• _What the task requires_: Taking the data below, please print only the lines from the line holding "Collier de petites" to the line holding "Wall-mounted, holes Ø7 mm", inclusive, with pictures omitted.

• _Data for this task_:
************

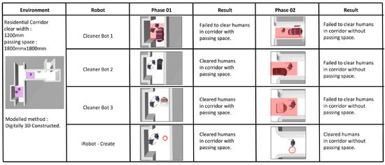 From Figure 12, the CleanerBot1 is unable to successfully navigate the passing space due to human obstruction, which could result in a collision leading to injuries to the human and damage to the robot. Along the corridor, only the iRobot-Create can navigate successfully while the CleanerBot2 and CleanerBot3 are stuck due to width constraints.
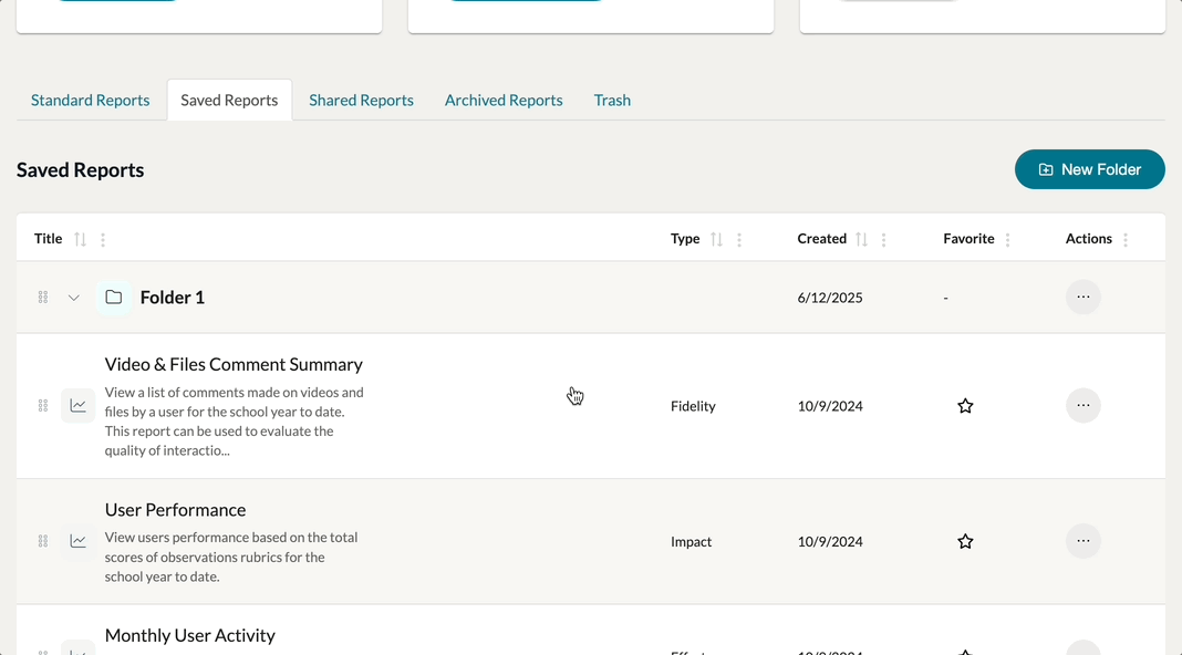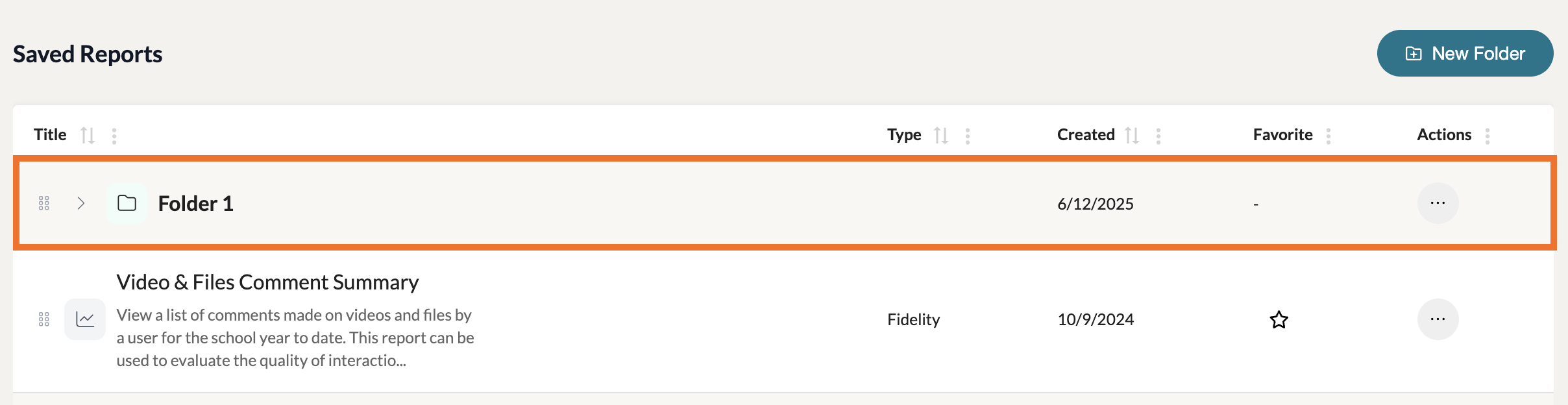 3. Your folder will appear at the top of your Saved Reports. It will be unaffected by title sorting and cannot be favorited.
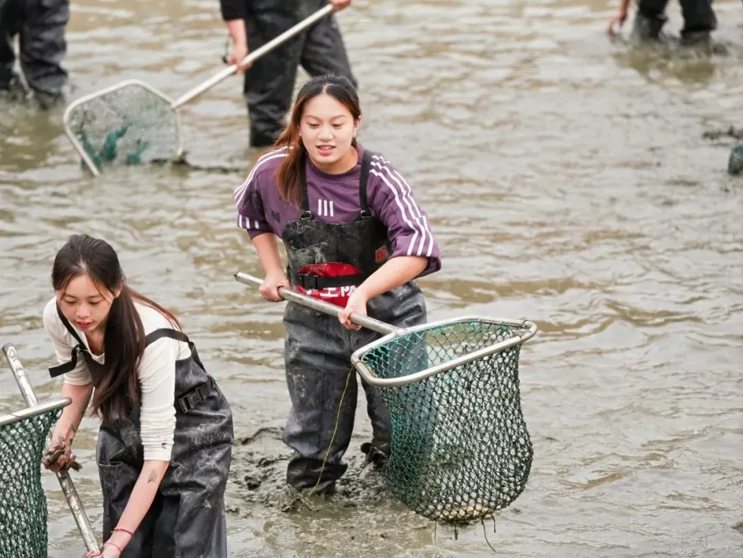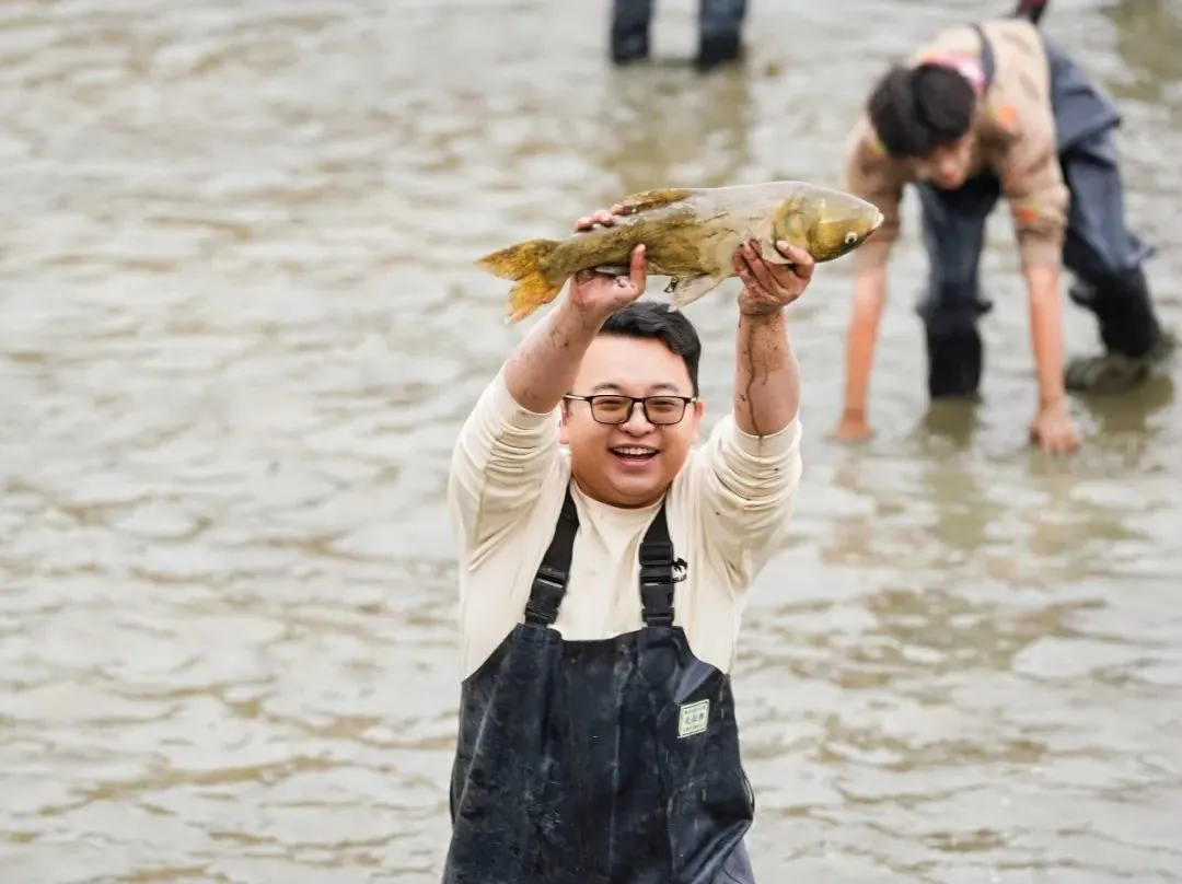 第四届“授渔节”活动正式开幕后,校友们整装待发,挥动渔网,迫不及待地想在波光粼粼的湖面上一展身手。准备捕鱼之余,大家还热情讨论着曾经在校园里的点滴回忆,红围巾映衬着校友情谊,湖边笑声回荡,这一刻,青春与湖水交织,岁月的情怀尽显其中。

************

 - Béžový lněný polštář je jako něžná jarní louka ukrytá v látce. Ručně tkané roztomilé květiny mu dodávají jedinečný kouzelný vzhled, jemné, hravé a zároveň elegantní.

************

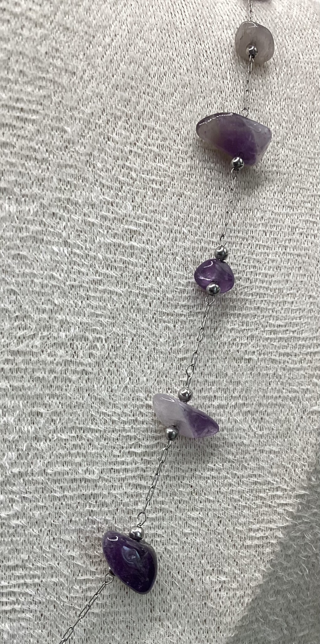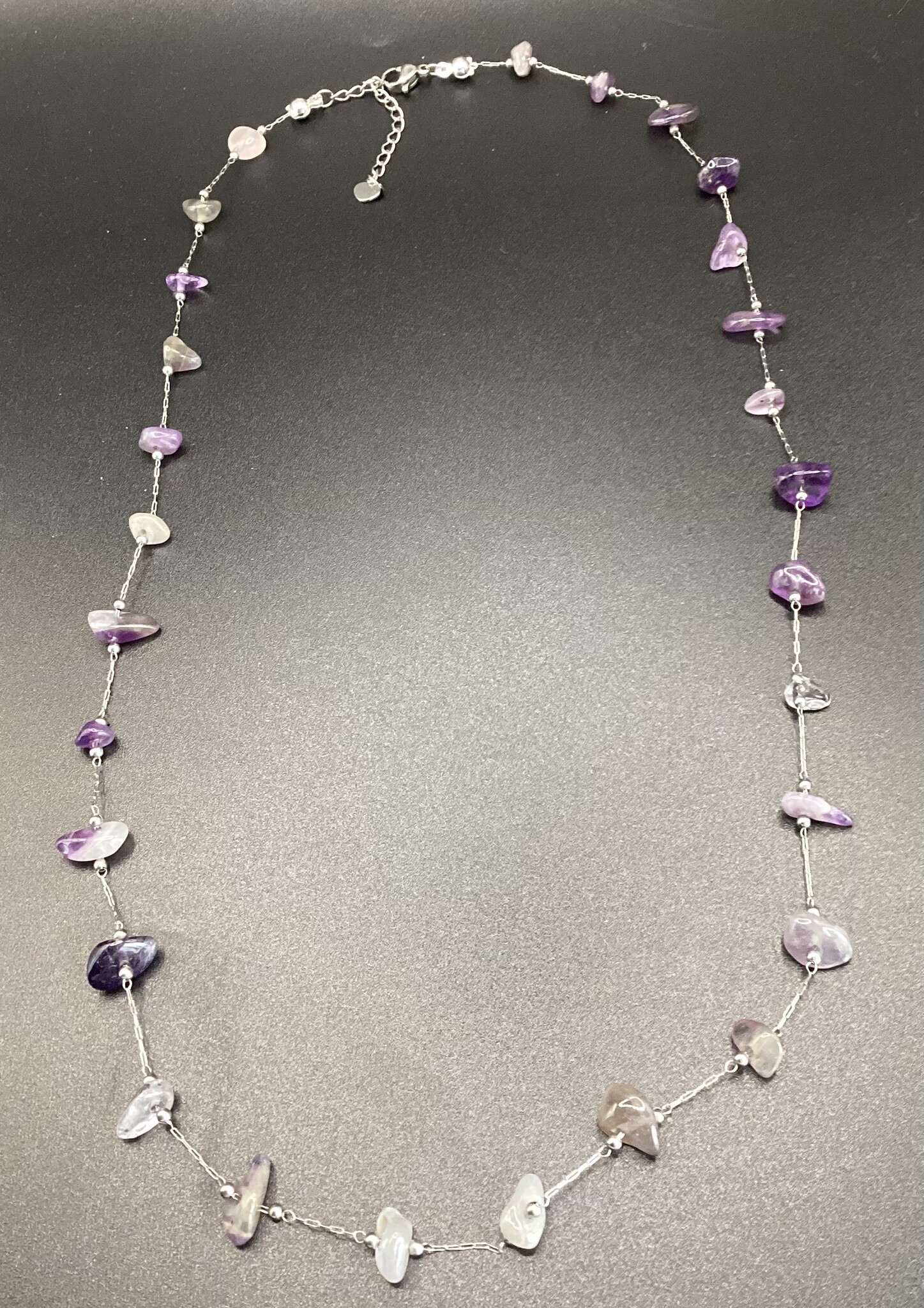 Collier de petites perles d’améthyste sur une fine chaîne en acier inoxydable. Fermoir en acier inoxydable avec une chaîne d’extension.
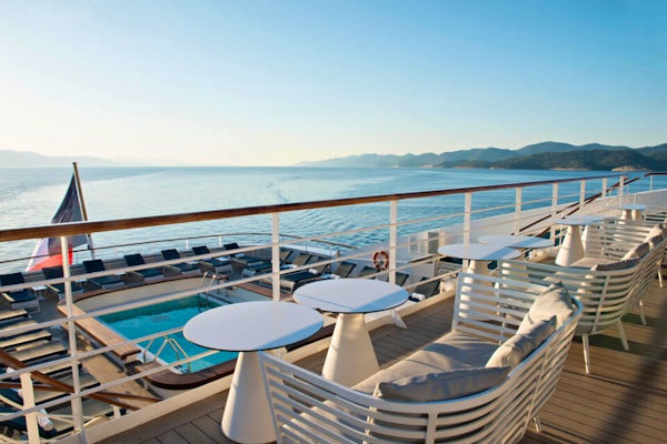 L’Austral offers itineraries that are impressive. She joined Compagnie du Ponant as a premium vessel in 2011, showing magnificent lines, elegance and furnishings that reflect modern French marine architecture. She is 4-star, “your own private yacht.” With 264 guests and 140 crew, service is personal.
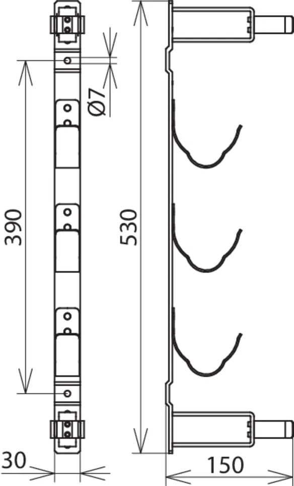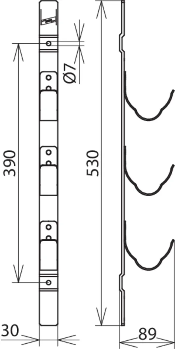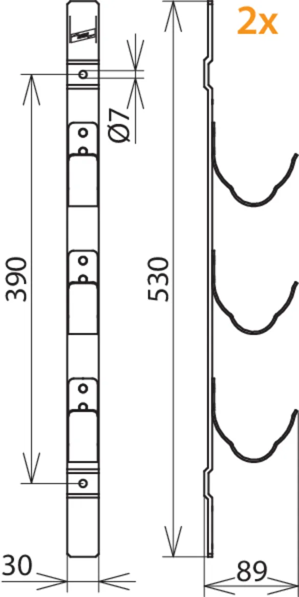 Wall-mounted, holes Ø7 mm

************

• _Your response_:
 Collier de petites perles d’améthyste sur une fine chaîne en acier inoxydable. Fermoir en acier inoxydable avec une chaîne d’extension.
 L’Austral offers itineraries that are impressive. She joined Compagnie du Ponant as a premium vessel in 2011, showing magnificent lines, elegance and furnishings that reflect modern French marine architecture. She is 4-star, “your own private yacht.” With 264 guests and 140 crew, service is personal.
 Wall-mounted, holes Ø7 mm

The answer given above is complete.